Yep, I know – yet another tutorial on how to extract an image from its background.
Only this time, It’s about extracting images with sensitive areas (such as shadows, hair etc.) from relatively uniform backgrounds. We’re going to use for this example a human face, taken, with thanks, from imageafter.com.
OK, let’s get to it.
1. Open the image
2. In the Layers palette, double-click on the Background layer, to unblock it.
This will open up a confirmation dialogue – just click OK to move on.
3. In the same Layers palette, click the Create a new layer button, to… uh… create a new layer
4. Then move this new layer below the first one, and fill it with a strong colour, that will help us later better see what’s going on. We should now have something like this in the Layers palette:
5. Click again on the layer containing the photo, to re-select it, then from the main menu of the application choose Select > Color Range…

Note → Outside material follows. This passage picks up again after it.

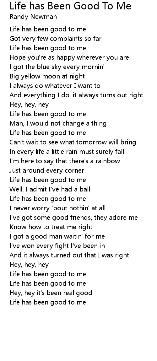 Life has been good to me |
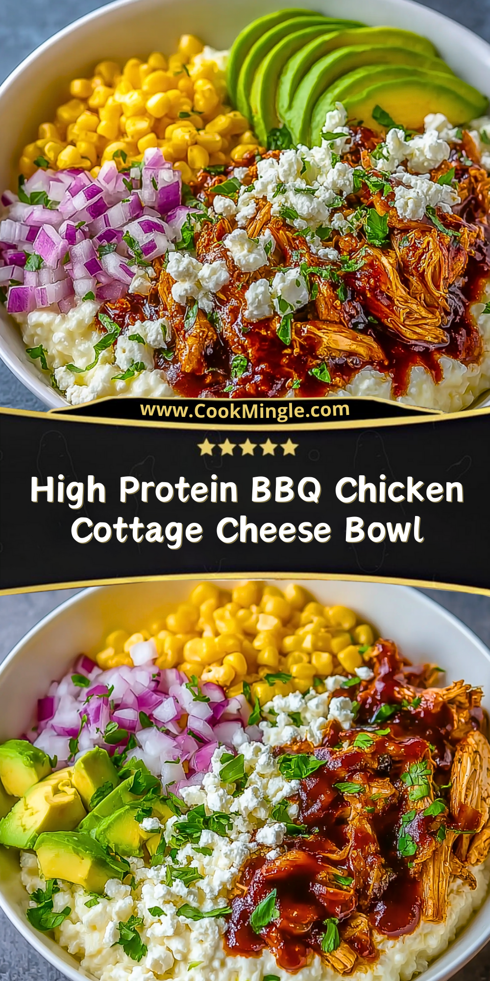 I love recipes that come together quickly but still manage to feel like a complete, satisfying meal—and this High Protein BBQ Chicken Cottage Cheese Bowl hits every mark. It’s hearty, balanced, colorful, and loaded with textures and bold flavors. The combination of smoky BBQ chicken, creamy cottage cheese, sweet corn, tangy red onion, ripe avocado, and a sprinkle of crumbly cheese makes every bite exciting. Plus, it packs a serious protein punch which makes it perfect for lunch or dinner when I need something filling but don’t want to spend hours cooking.

This will open up a dialogue, which I’ll want you to set up as presented in the image below:
6. You’ll notice 3 eyedropper icons, of which the first from the left should (and must) be selected. Ok, now we’ll want to select, from the image, the color that’s the most prevalent in the background that we want to eliminate. In this example, for instance, we’ll want to select the strongest blue from the sky. You get this by moving the eyedropper cursor over the original image and click on the spot that best matches the color I was talking about. By doing this, you’ll see the resulting selection as white in the popup preview, with the “unselected” image marked as black. Fiddle with this a bit, untill you get the most convincing white-dark contrast around the edges of the object. Then, ofcourse, click OK
The result: a selection marquee (those pesky marching ants) marking the selection we’ve just made:
7. Now, with the layer containing the foto selected, click on the Add layer mask button:
8. This will mask, from the photo layer, everything but the selection we’ve made, something like in the image below, WHICH IS OK
9. Now, in the Layers palette, make sure that you have selected the MASK, and NOT THE LAYER. Once you’re ok with that, choose a brush, set a WHITE foreground colour and start wiping out any “greens” left out in the sky. We’re after something like this (a green alien on a perfectly gren-free sky):
10 Once you’ve done that, all you have to do now is to invert the MASK (CTRL+I) and hide the green layer below. The rough result should look something like this:
That’s it! You’ll probably ask “what was all that about the green layer? does it even have to be green?” My answer to you is that such a “wild colour layer” does nothing but help better contrast what must go and what must remain in our image. It’s, as I was saying, just a helper, to be discarded in the end.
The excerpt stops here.